Entretanto, há que se ter muita prudência quando usamos determinados adjetivos para nos referirmos a Deus, a começar pelo fato de que Deus não é um objeto nem uma pessoa; tampouco podemos dizer que se trata de um ser, já que nem mesmo a gramática consegue definir uma tal palavra; também não podemos chamá-lo de “coisa”; uma “inteligência”, talvez, ou o “princípio” de tudo. Mesmo que tais substantivos possam nos dar uma pálida “idéia” do que seja Deus, nossas dificuldades para atribuir-Lhe adjetivos começam pelo simples fato de não sabermos exatamente que tipo de substantivo escolheremos para ser o termo determinado. O uso do verbo “ser” em relação a Deus só faz reforçar a dificuldade, já que Deus é o único “ser” que pode tornar intransitivo o verbo ser: Deus é.
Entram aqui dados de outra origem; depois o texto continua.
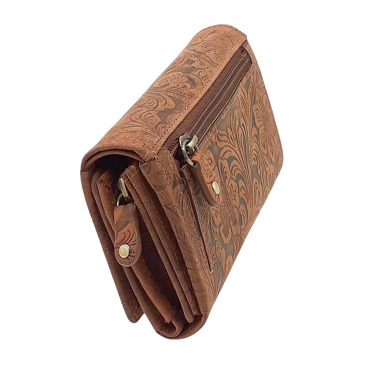 100% genuine buffalo leather, protective exterior embossed with antique style floral print, durable and water-repellent in brown color.
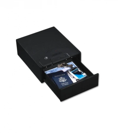 This Stack-On Quick Access Drawer Safe features an electronic lock that is easy to program and allows for a 3 to 8 digit combination code. IT features a ball-bearing drawer that pops out when locking mechanism is released and a foam padded bottom. Holds standard size pistols, important documents and/or other valuables. This safe is designed to be secured with a cable (1550 lb. test) or can be mounted to a shelf or floor. Cable included. QAS-1000
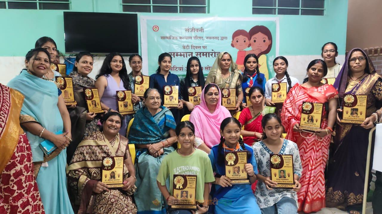 नवलगढ़ : दुर्गाष्टमी के पावन अवसर पर संजीवनी संस्था द्वारा जांगिड अस्पताल परिसर में एक विशेष कार्यक्रम आयोजित किया गया, जिसमें नवलगढ़ की 21 मेधावी बेटियों को उनके उत्कृष्ट योगदान के लिए सम्मानित किया गया। ये बेटियां चिकित्सा, शिक्षा, कला, संगीत, साहित्य, खेलकूद और समाजसेवा जैसे विभिन्न क्षेत्रों में उल्लेखनीय प्रदर्शन कर रही हैं। उन्हें मोतियों की माला और आकर्षक प्रतीक चिंह भेंट कर उनका अभिनंदन किया गया।
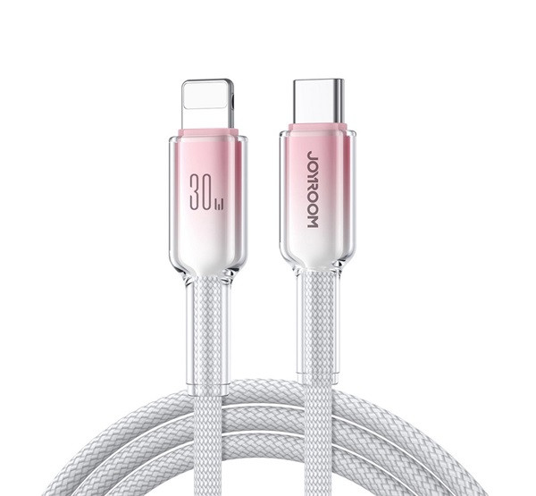 JOYROOM CRYSTAL-CLEAR adatkábel (Type-C - lightning, 3A, gyorstöltő, cipőfűző, 120cm) FEHÉR
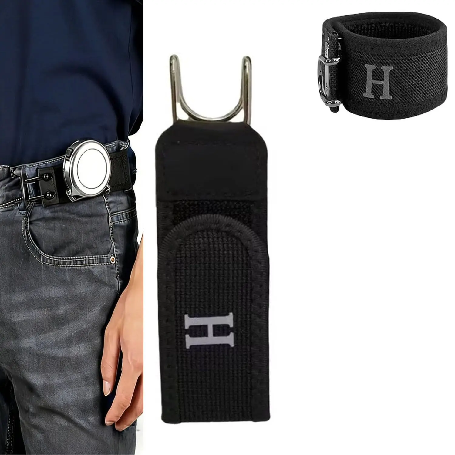 Buckleless Elastic Belt Hook Adjustable Metal Hook Men Women Unisex Buckle-Free Invisible Waist Belt Closure Outdoor Work EDC
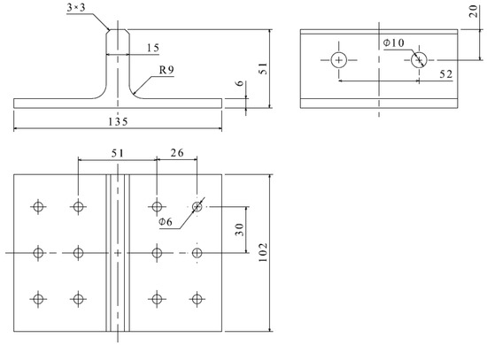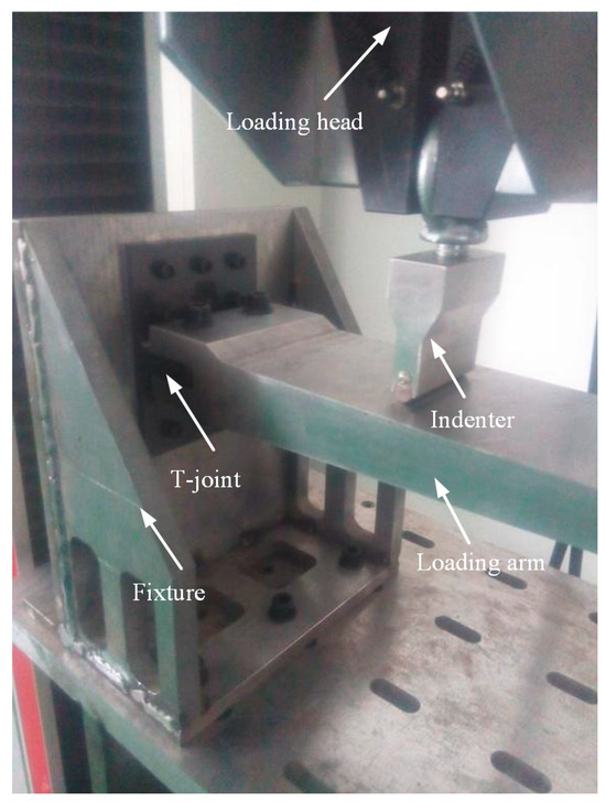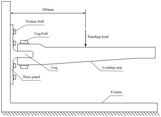 The loading scheme is depicted in Figure 5. The base panel is secured to the L-shaped fixture using twelve steel bolts with a diameter of 6 mm. The loading arm is connected to the lug using two steel bolts with a diameter of 10 mm. The distance between the loading point and the bottom surface of the joint is 180 mm. The experimental setup is illustrated in Figure 6. The L-shaped fixture is fixed on the test platform and reinforced with rib plates welded on both sides to provide sufficient bending stiffness. The load is applied downward by the indenter connected to the loading head of the INSTRON 8801 test machine (Norwood, MA, USA) with a speed of 0.5 mm/min, exerting bending load on the joint. The load and displacement of the indenter are recorded in real time by the sensors of the testing machine. The materials for the L-shaped fixture, loading arm, and indenter are all 45# steel. The properties of 45# steel are listed in Table 3.

Não é preciso dizer mais nada, até porque, não cabe aqui nenhum predicativo, o que já não ocorre quando nos referimos a Jesus; é de se notar que não dizemos “Jesus é”, dizemos, sim, “Jesus + é + predicativo”, que pode ser “filho de Deus”, “o divino pastor” etc.
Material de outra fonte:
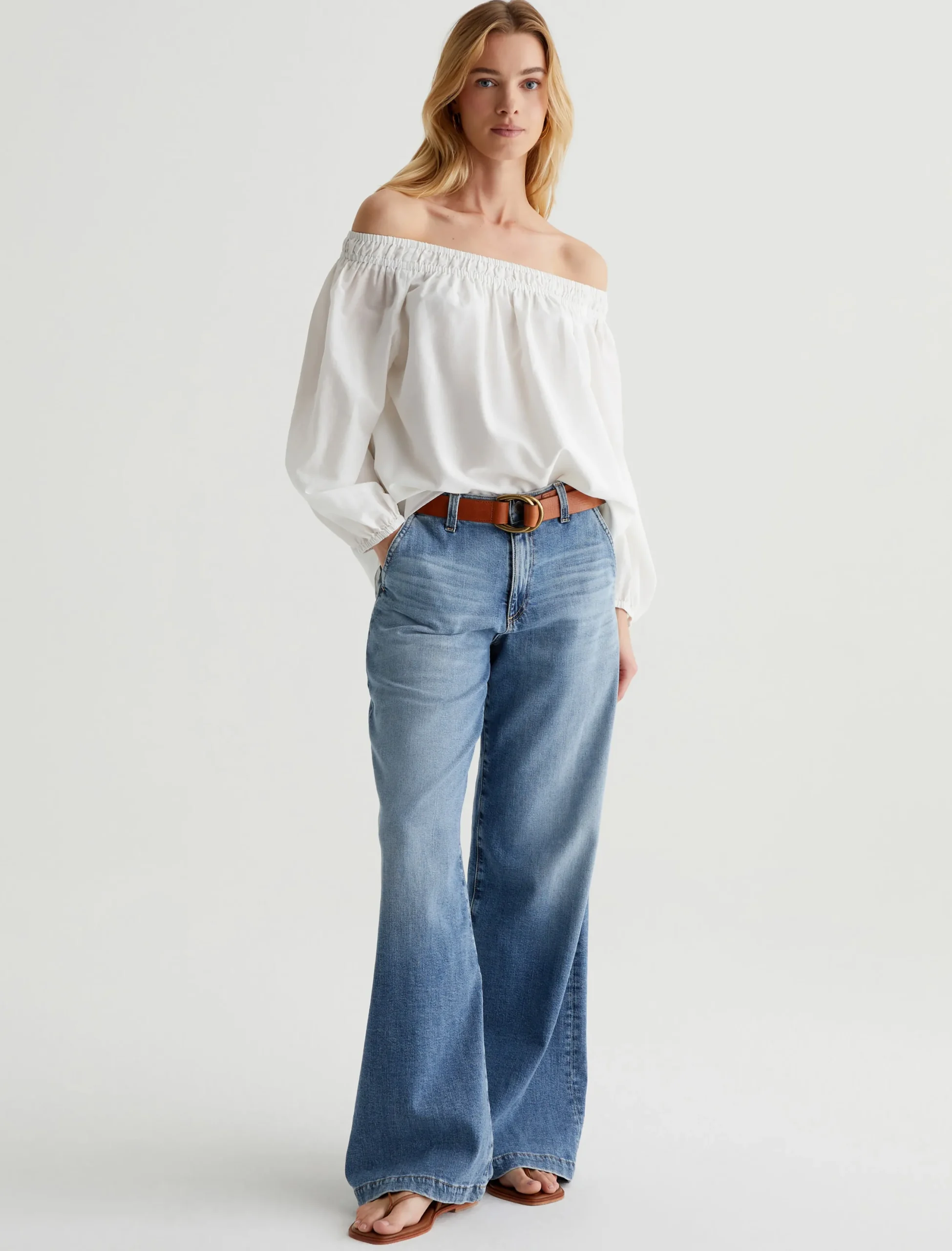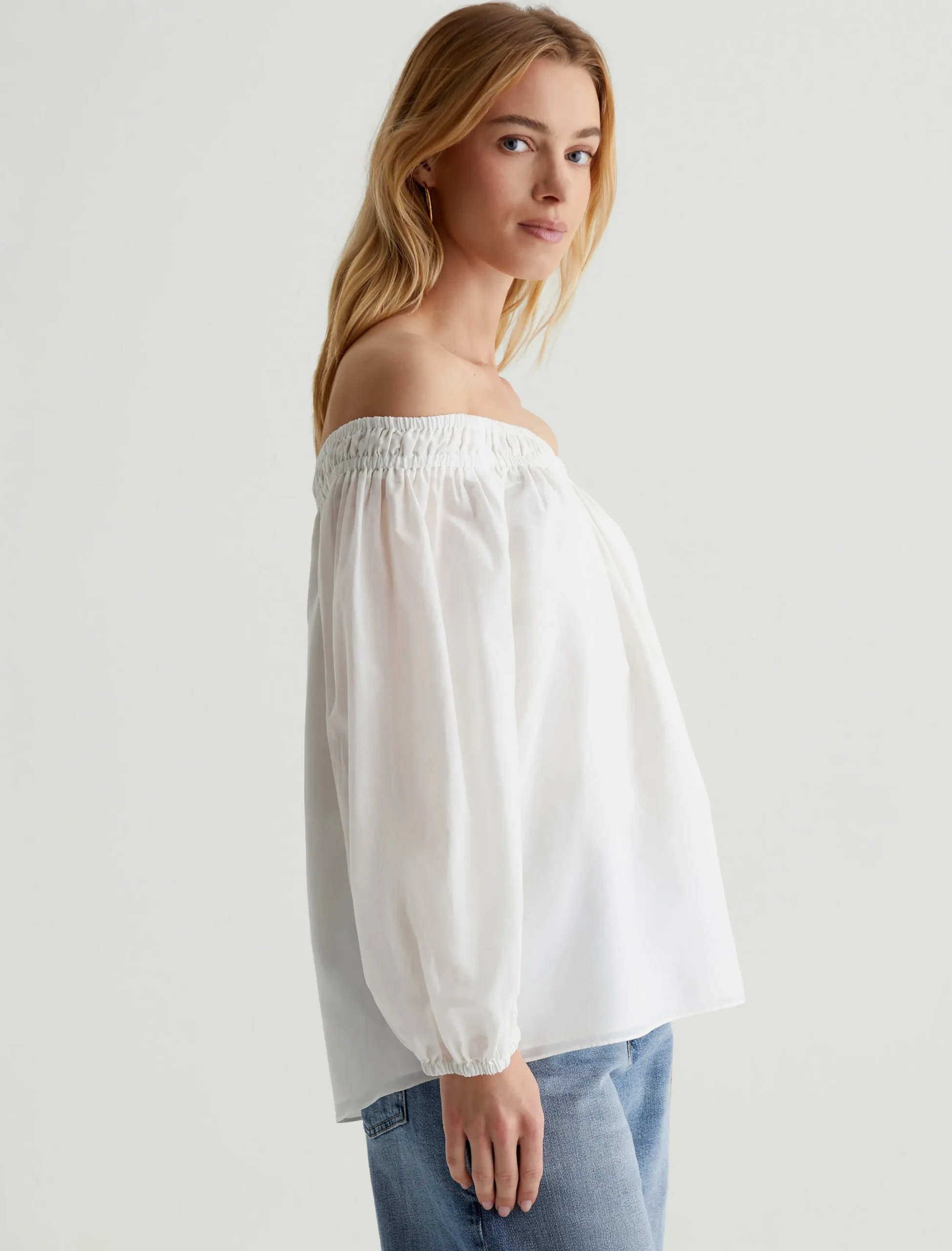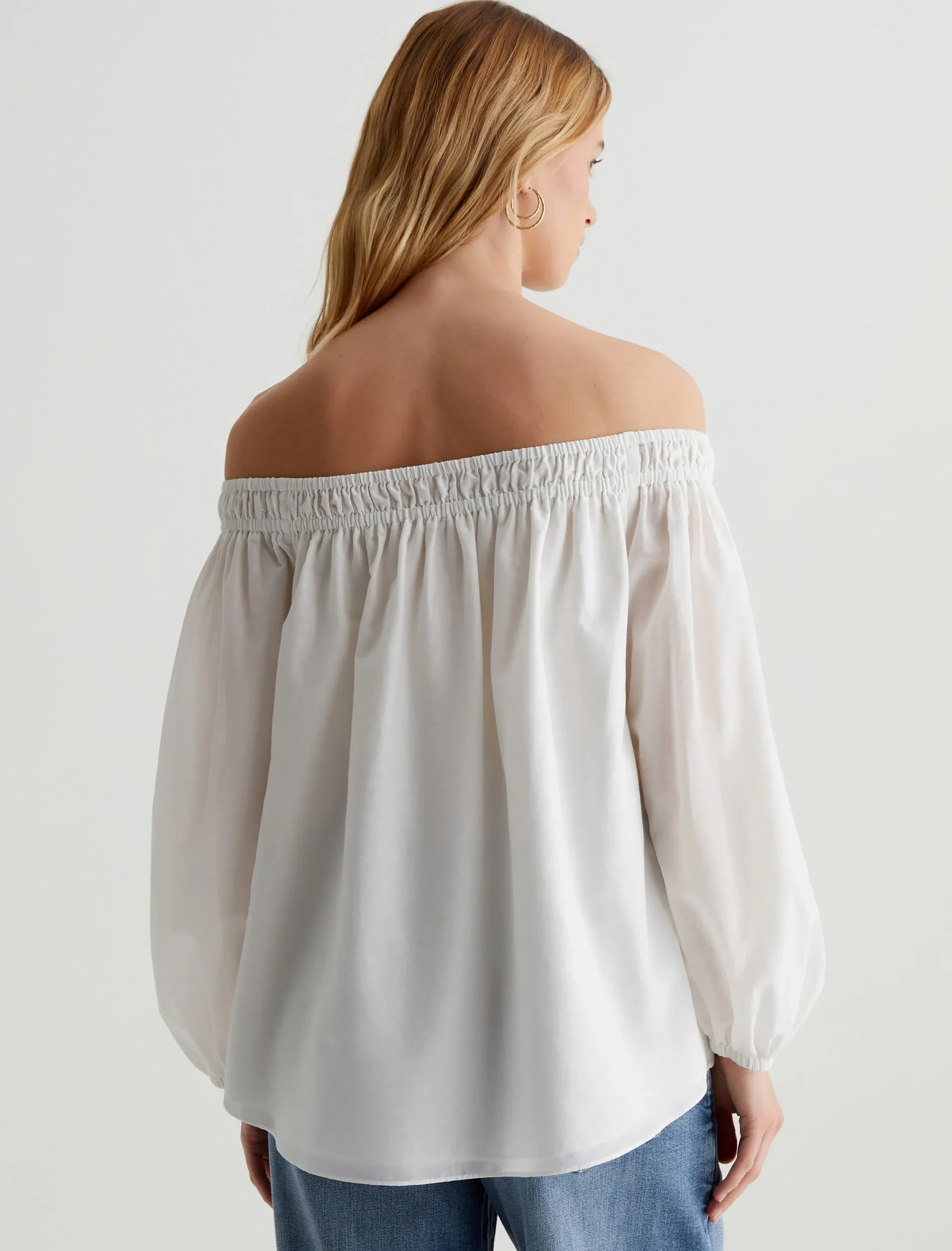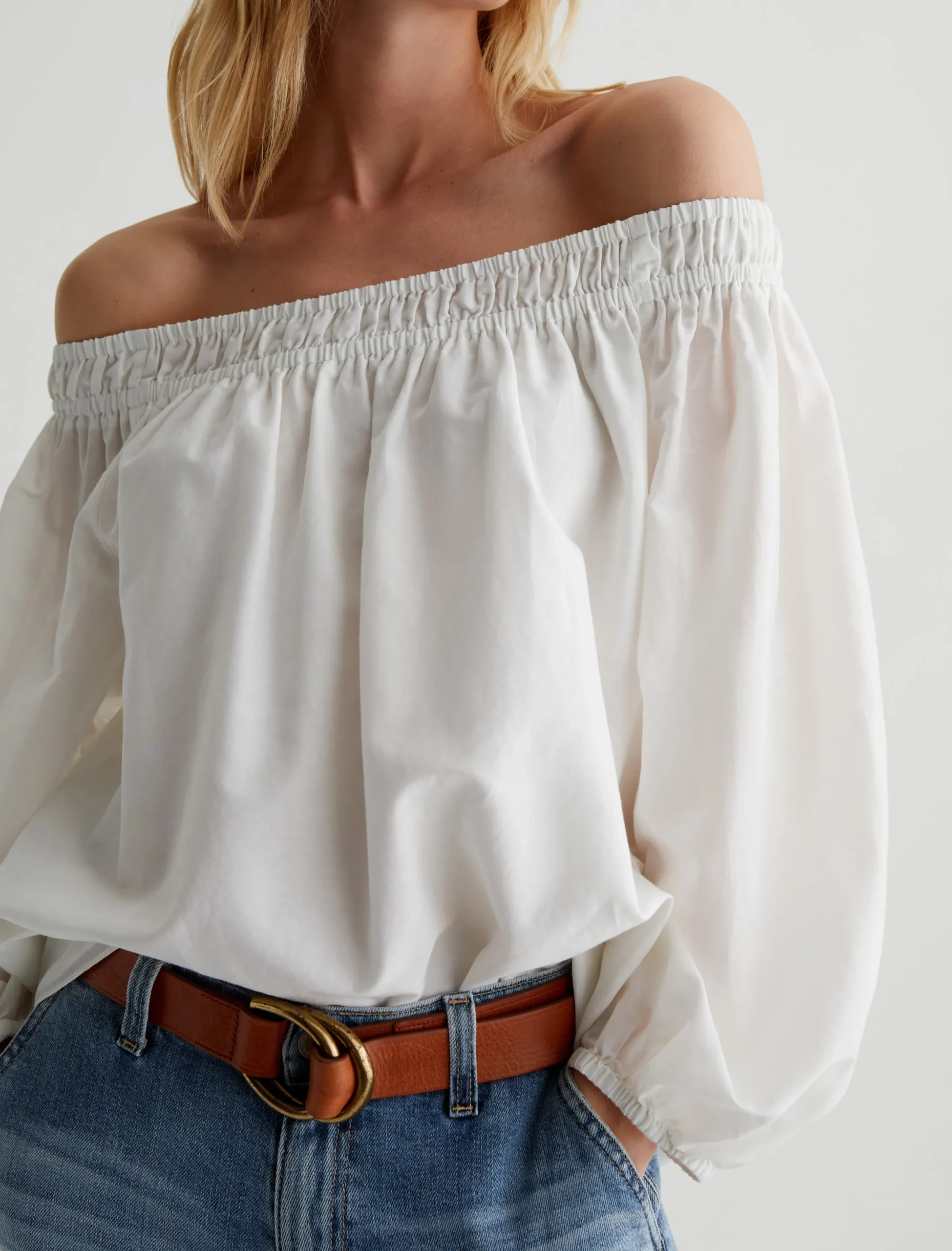 The Carroline Top has an off-the-shoulder silhouette in airy cotton silk voile. Defined by a stretch-enhanced shirred neckline, this white peasant blouse is relaxed and billowy with voluminous long sleeves.

Se considerarmos, em relação a Deus, adjetivos como bom, perfeito e justo e ainda supormos que tais adjetivos, enquanto subjetivos que são, haverão de ter outro tratamento se tiverem Deus como termo determinado, então, é possível afirmar que tais adjetivos figuram no grau superlativo, sem meio-termo, até porque, admitir o meio-termo implicaria admitir igualmente um certo juízo de valor em relação a Deus, o que é inconcebível, já que não nos é dado o direito de apreciar os Seus desígnios nem pela Bíblia nem pelo chamado “senso comum”.
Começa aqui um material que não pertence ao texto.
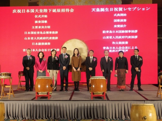 本馆于12月14日举办了2017年庆祝天皇陛下诞辰招待会。山东省人民政府外事办公室陈白薇副主任、青岛海关薛原副关长、青岛市人民政府外事办公室高群巡视员、中国国际贸易促进委员会青岛分会初连玉巡视员、青岛市商务局徐健副巡视员、驻青总领事馆官员、青岛日本人会能势稔彦会长等众多嘉宾莅临会场,活跃于各界的众多山东省内的中国友人、省内日本侨民也出席了本次招待会。
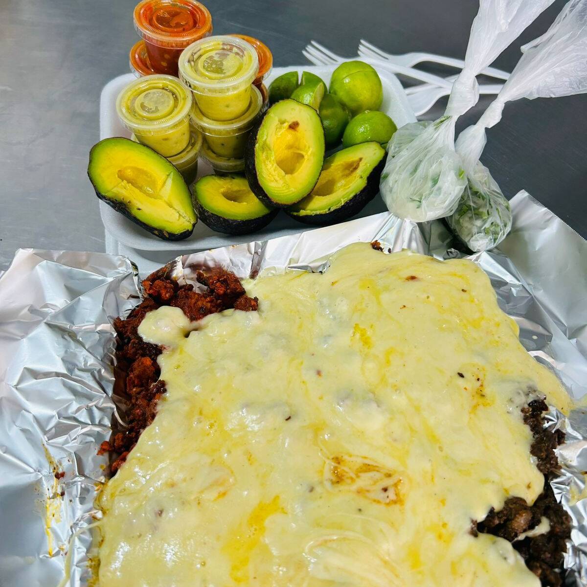 800gr De deliciosa carne de bistec más 1/2 kg de queso gouda gratinado. Incluye 25 tortillas para armar tus tacos al gusto, aguacate, limones, salsas verde y roja y cebollita con cilantro. ¡Ideal para compartir y disfrutar!
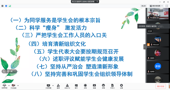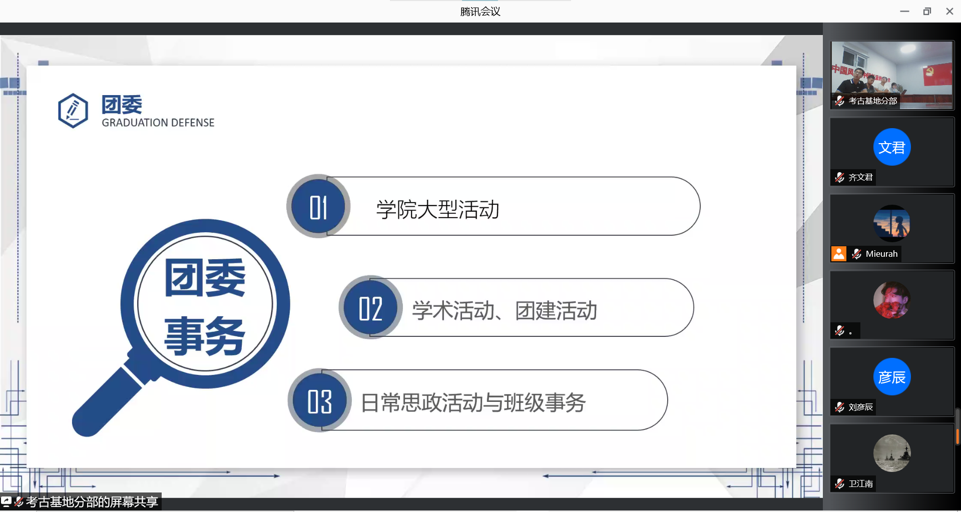 会议伊始,团委副书记温景超同学向新生同学们介绍了团委的总体情况,并用生动的PPT展示了历届团委所举办的各项学生活动。之后,团委各部门负责人同学依次介绍了团委办公室、团委实践部、团委组织部、团委宣传部通讯中心和新媒体中心的工作概况,其精彩的发言充分调动了同学们的情绪,宣讲会的气氛逐渐活跃起来。在团务常委王克豪同学的风趣小结后,团委各部门的宣讲进入尾声。随后,学生会主席团成员李广泽同学向大家介绍了学生会的基本情况与服务宗旨,并重点阐述了bat365在线平台登录的学生会改革与作风建设问题,强调“为同学服务”是学生会的根本宗旨,要坚持从严治会、科学“瘦身”、激发活力,塑造清新阳光的学生组织形象。在简要概括了学生会的发展方向后,学生会各部门负责人也依次介绍了综合事务部、科研学术部、校园文化部与心理健康部的工作概况。通过各位师兄师姐们的讲述,新生同学们对bat365在线平台登录团学组织有了较为充分的认识。在全体部门的宣讲结束之后,自由提问与答疑环节将本次宣讲会的热烈气氛推向新的高潮。最后,主持人张馨予同学向新生同学们宣布了正式纳新面试的相关信息。晚上8点30分,在庆祝国庆节到来,祝福祖国繁荣昌盛的欢呼声中,本次团学组织线上宣讲会议圆满结束!

Admitir meio-termo para Deus é o mesmo que julgá-Lo, pois, quando dizemos, a respeito de uma pessoa, que ela poderia “ter sido mais justa”, estamos julgando seu procedimento e, além de julgar, estamos fazendo isso de forma

negativa, pois, se a pessoa poderia “ter sido mais justa”, é porque, em nossa concepção, não foi tão justa quanto poderia (ou deveria) ter sido. Convenhamos que afirmar algo parecido em relação a Deus é um contra-senso.

Se não podemos apreciar os desígnios divinos, uma vez que apreciação implica juízo de valor, consideramos que os adjetivos usados para determinar Deus só podem assumir um único comportamento: o de variáveis discretas.

Desse modo, os adjetivos avaliativos bom, justo e perfeito, quando usados para se referir a Deus, não são suscetíveis de nenhum tipo de gradação, pois gradação implica avaliação de um outro segundo as crenças, as experiências e os esquemas de conhecimento que marcam a sua trajetória dentro de uma comunidade lingüística e são realimentados por essa mesma comunidade. Deus é bom, justo e perfeito por excelência. A Bíblia afirma. Os fiéis aceitam. Trata-se de um argumento baseado no consenso (PLATÃO e FIORIN, 1997) e, como tal, não necessita de provas ou demonstrações.